For multi-unit investments, owners must decide whether to live in one of the units themselves, making it eligible for an owner-occupied loan. If planning to rent out all the units, the property is considered non-owner-occupied. The primary difference between them concerns how much of a down payment will be required.

Owner-occupied properties can require a down payment between 5-10%. Non-owner-occupied investments require a minimum 20% down payment, which is also the requirement for primary residence single-family homes.

Properties deemed as commercial will have to secure a commercial mortgage. Qualifying for one requires investors to meet much stricter criteria, and interest rates are typically much higher.

Investors can use the equity from a residential property with a home equity line of credit (HELOC) to secure a second mortgage for an investment property or a line of credit using the equity in their home. They give investors greater flexibility in payments versus conventional mortgages and can pay more of the principal early without penalties. However, a HELOC usually has higher interest rates than standard mortgages.

Another approach to financing an investment property is to become a private mortgage lender, which allows owners to serve as their own bank for other buyers. In other words, those wanting to profit without owning can be a financing source to give money to property buyers. Investors earn interest to recoup the loan amount over time.
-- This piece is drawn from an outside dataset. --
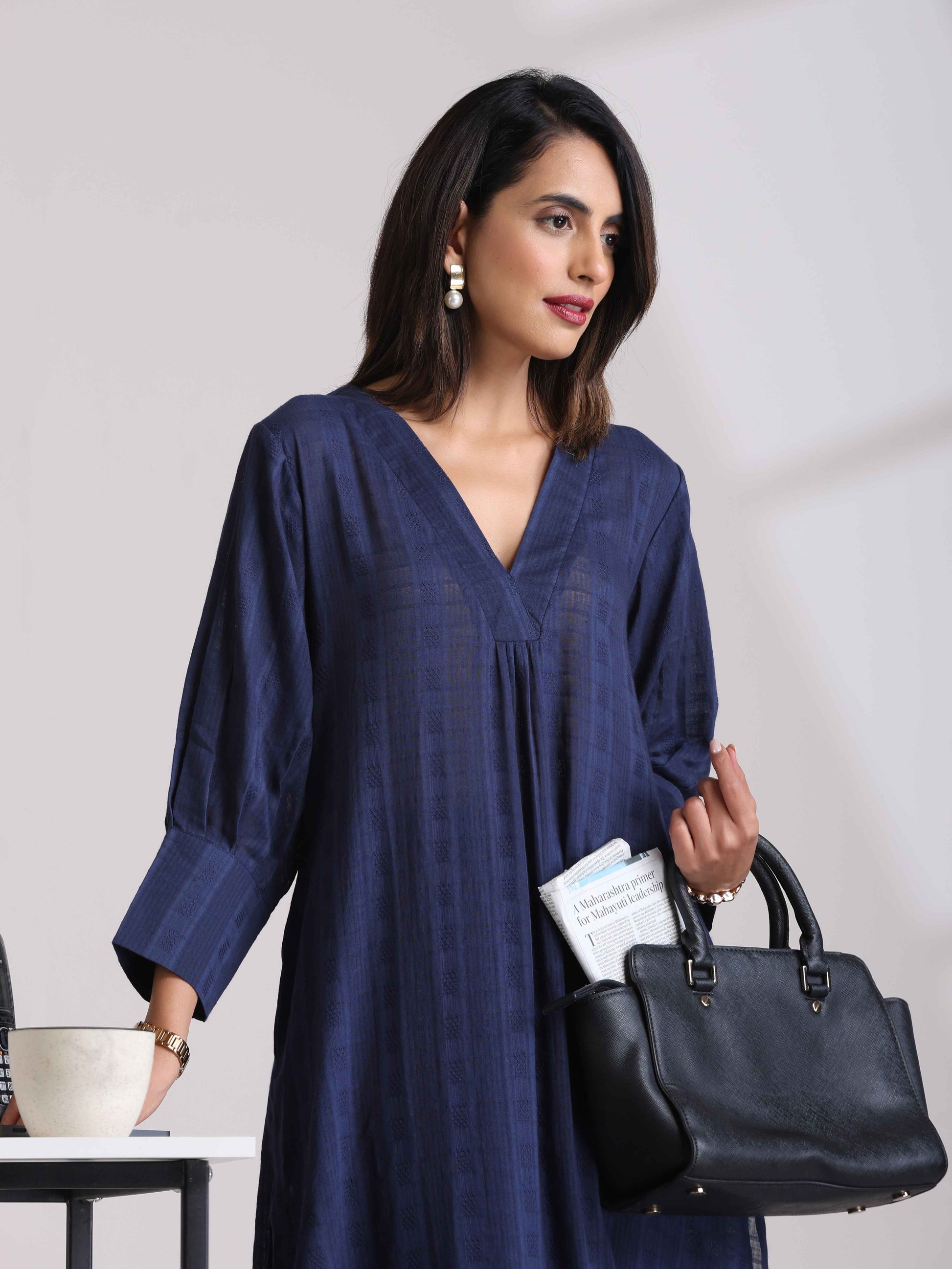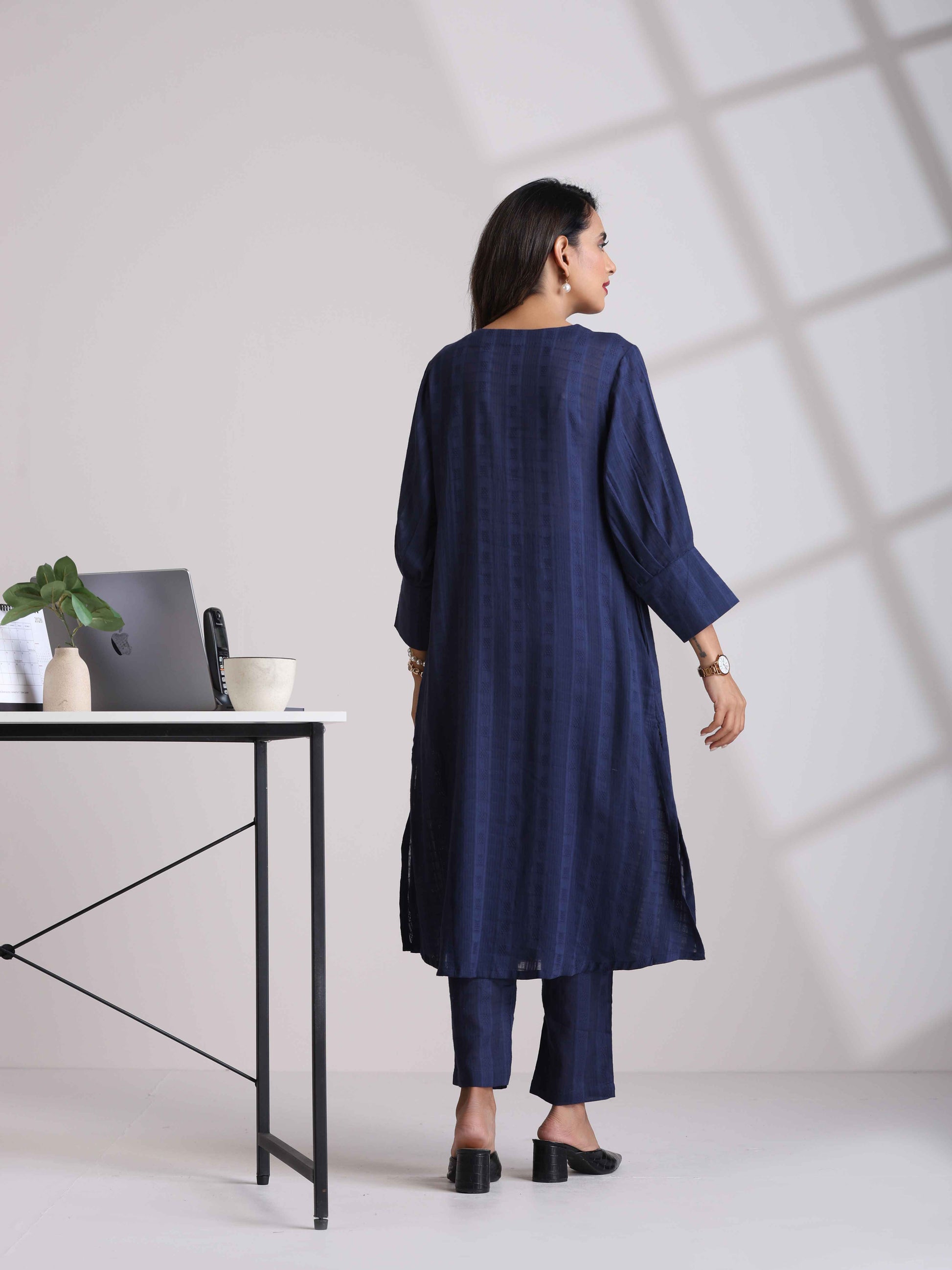 - Cotton Dobby Kurta with V-neckline, neck gathers and puff sleeves with broad cuff. Paired with elasticated waist pant.

Tax Considerations for Investment Homes

The Canadian Income Tax Act mandates that investors remit 25% of their gross property rental income annually. In years when rental properties incur net losses, owners can reclaim that amount from previously paid taxes. Fortunately, bank loans, taxes, mortgage payments, and certain expenses are deductible.

The two types of deductible expenses are capital expenses and current operating expenses. Capital expenses offer longer-term benefits for investors, especially for multi-family properties.

When selling, residents don't pay taxes on the capital gains if the property is a principal residence. Those who don't live there will pay capital gains on profits if the home sells for a higher value than the purchase price. When non-resident investors sell Canadian property, the government claims 50 percent of the sale as a withholding tax.

Discover the World of Real Estate Investment Properties

With these tips, you can be better prepared to begin as a first-time real estate investor. It's essential to understand the pros and cons to prevent taking on more than you can handle—at least until you get more experience investing in residential and commercial real estate.